## EXERCISE:
Set down nothing but the lines from the one containing "- 할인권 금액: 공연 할인권 1만 원, 전시 할인권 3천 원" to the final line of the material, exactly as written, and drop the pictures.

** RECORDS SUPPLIED follows **

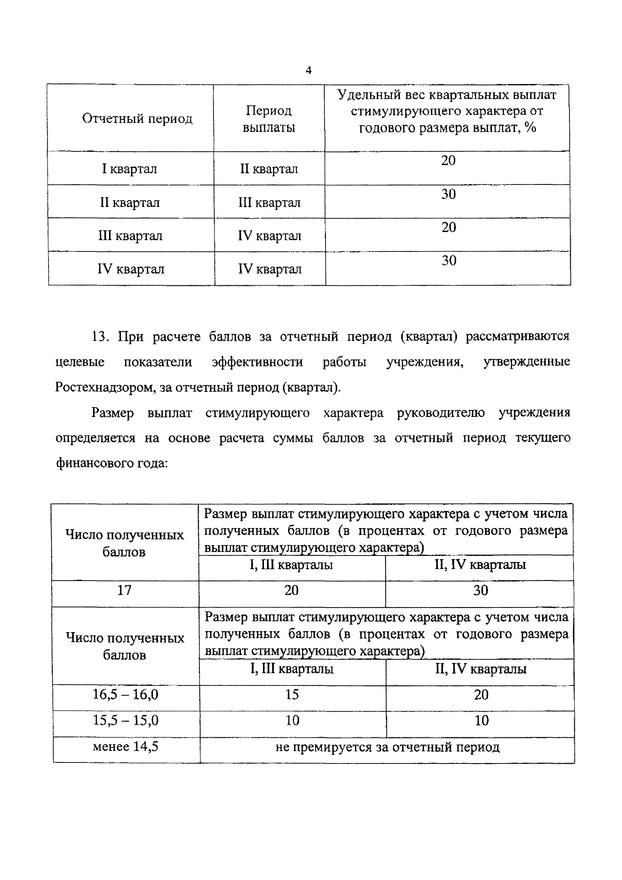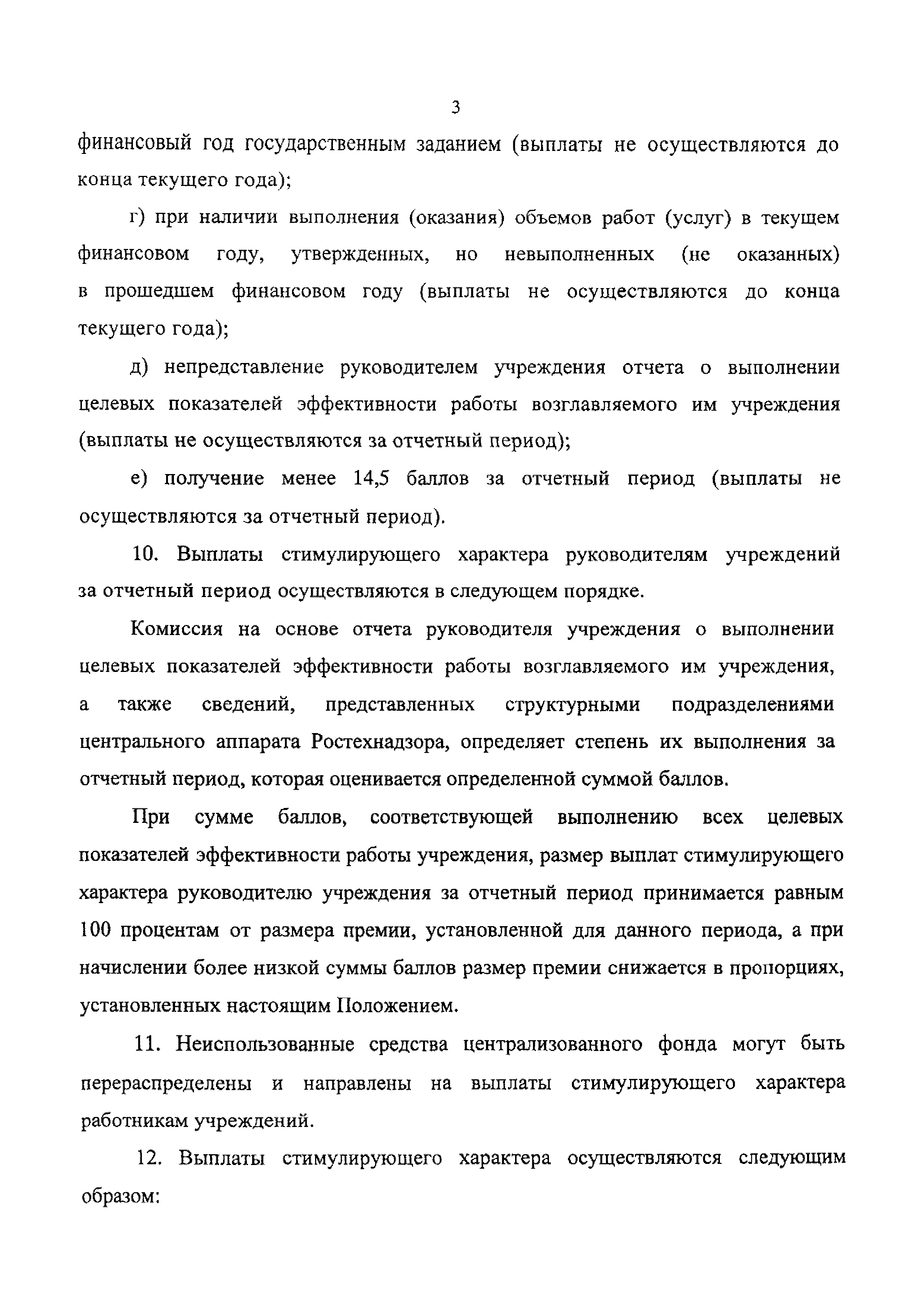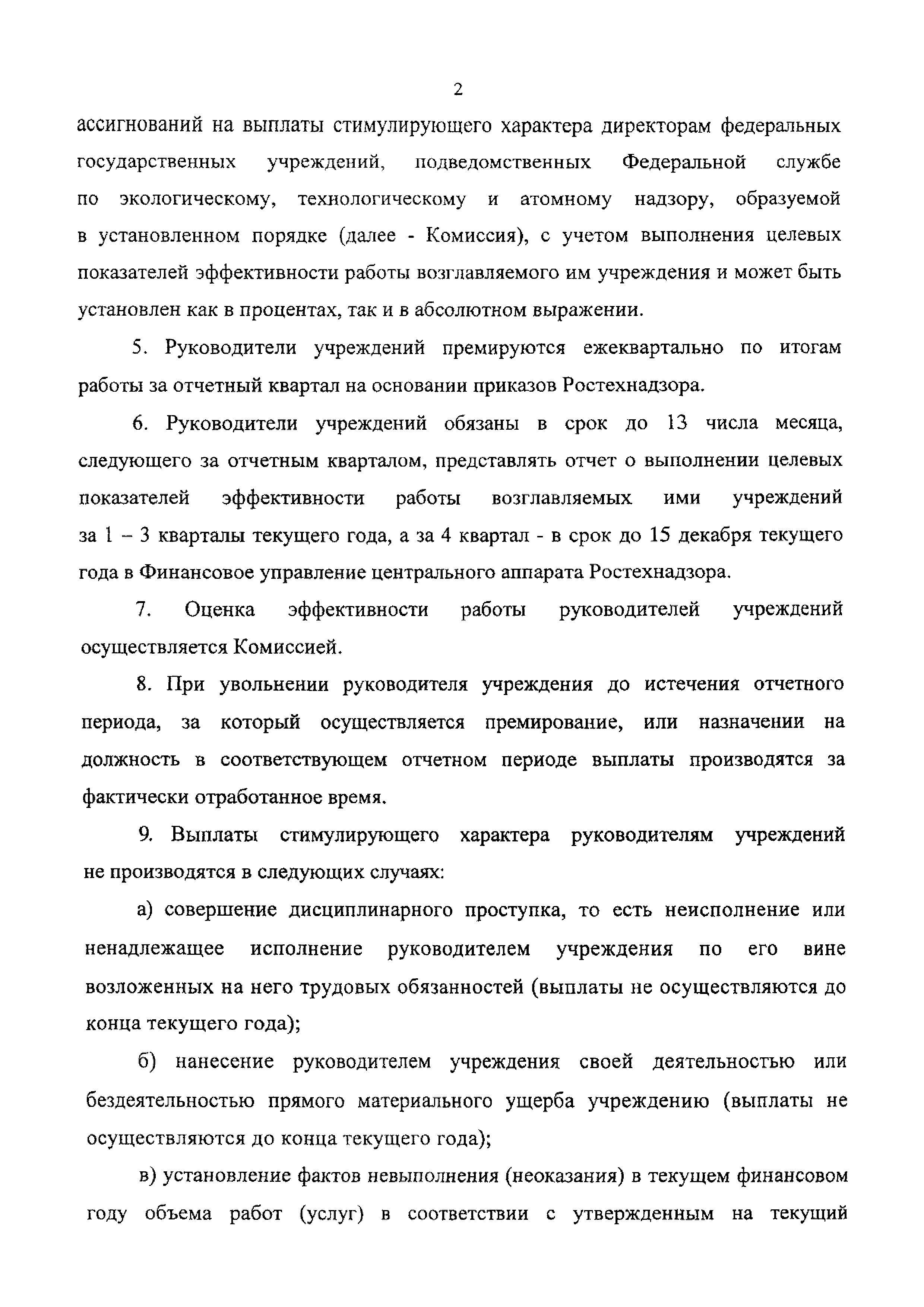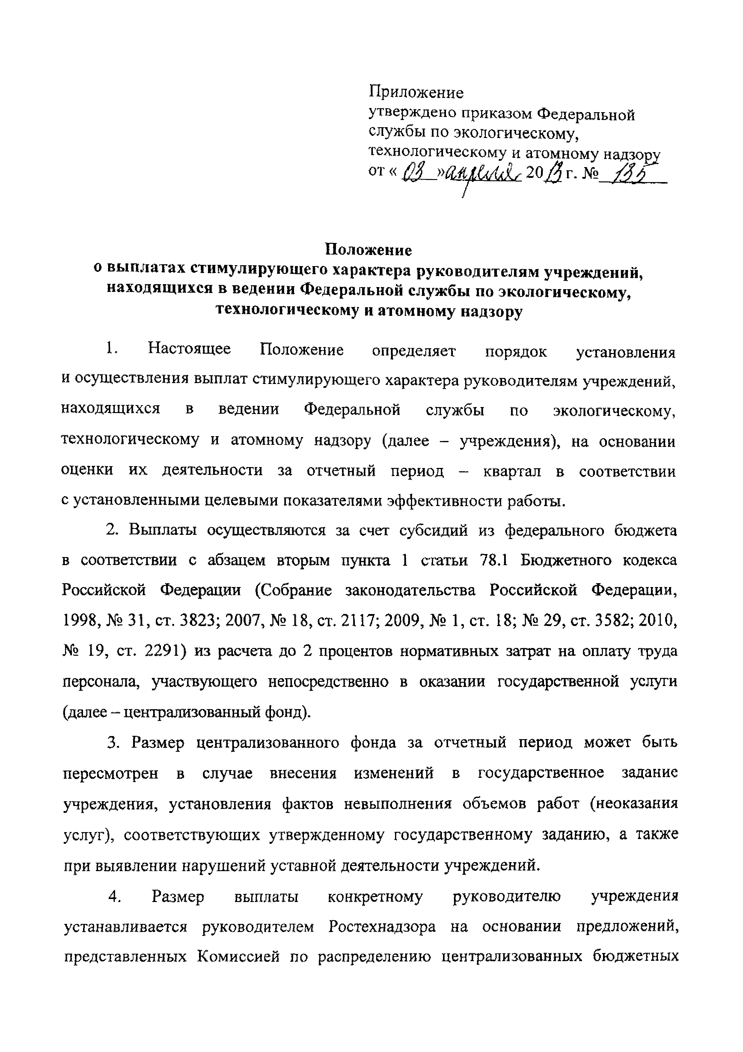 Положение о выплатах стимулирующего характера руководителям учреждений, находящихся в ведении Федеральной службы по экологическому, технологическому и атомному надзору| Статус: | действует | | Название рус.: | Положение о выплатах стимулирующего характера руководителям учреждений, находящихся в ведении Федеральной службы по экологическому, технологическому и атомному надзору | | Дата добавления в базу: | 01.01.2021 | | Дата актуализации: | 01.01.2021 | | Дата введения: | 28.07.2013 | | Область применения: | Положение определяет порядок установления и осуществления выплат стимулирующего характера руководителям учреждений, находящихся в ведении Федеральной службы по экологическому, технологическому и атомному надзору, на основании оценки их деятельности за отчетный период — квартал в соответствии с установленными целевыми показателями эффективности работы. | | Утверждён: | 03.04.2013 Федеральная служба по экологическому, технологическому и атомному надзору (135)
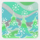 Eine moderne, stilvolle Winterlandschaft mit mattierten Kiefern und glitzernden Schneeflocken. Aufkleber mit einem grünen, blauen, silbergrauen und weißen, anpassbaren Design für Sie, um mit Ihrem eigenen Text, Bildern und Ideen zu personalisieren. Ein digital verstärkter Bleistift, der von Jess Perry gezeichnet wird.
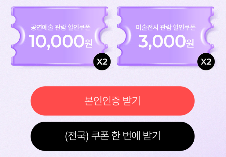 - 할인권 금액: 공연 할인권 1만 원, 전시 할인권 3천 원
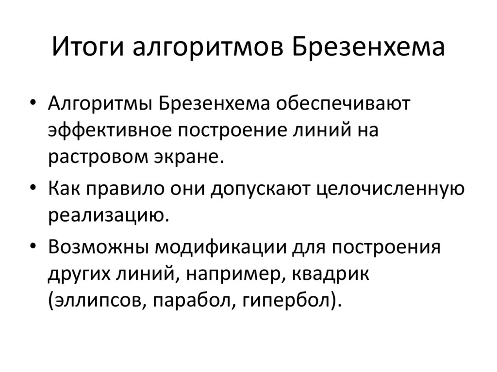 Итоги алгоритмов Брезенхема• Алгоритмы Брезенхема обеспечивают
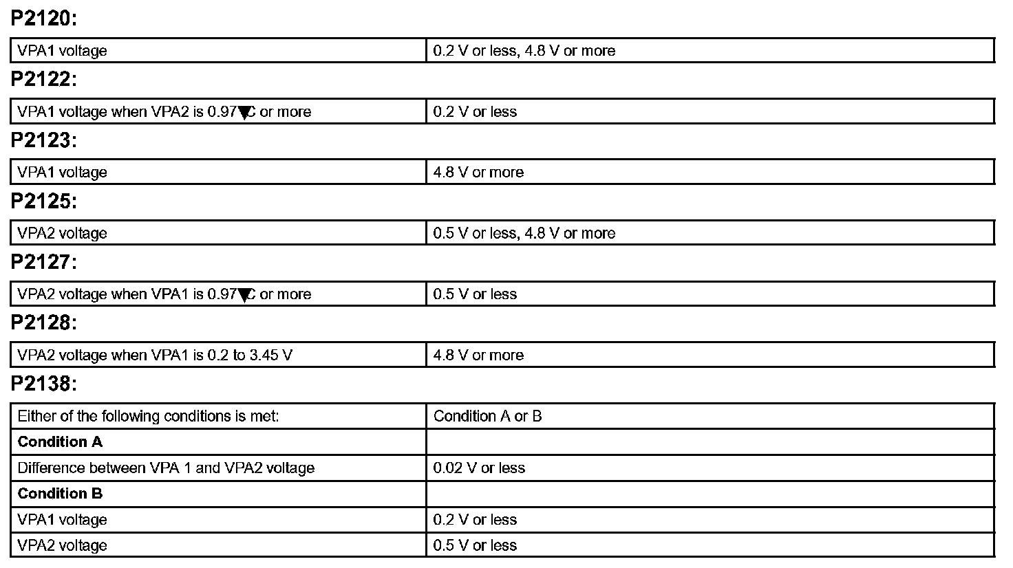 When the voltage output of the VPA is below 0.2 V or exceeds 4.8 V.

** End of RECORDS SUPPLIED **

## SOLUTION TO THIS PROBLEM:
 - 할인권 금액: 공연 할인권 1만 원, 전시 할인권 3천 원
 Итоги алгоритмов Брезенхема• Алгоритмы Брезенхема обеспечивают
 When the voltage output of the VPA is below 0.2 V or exceeds 4.8 V.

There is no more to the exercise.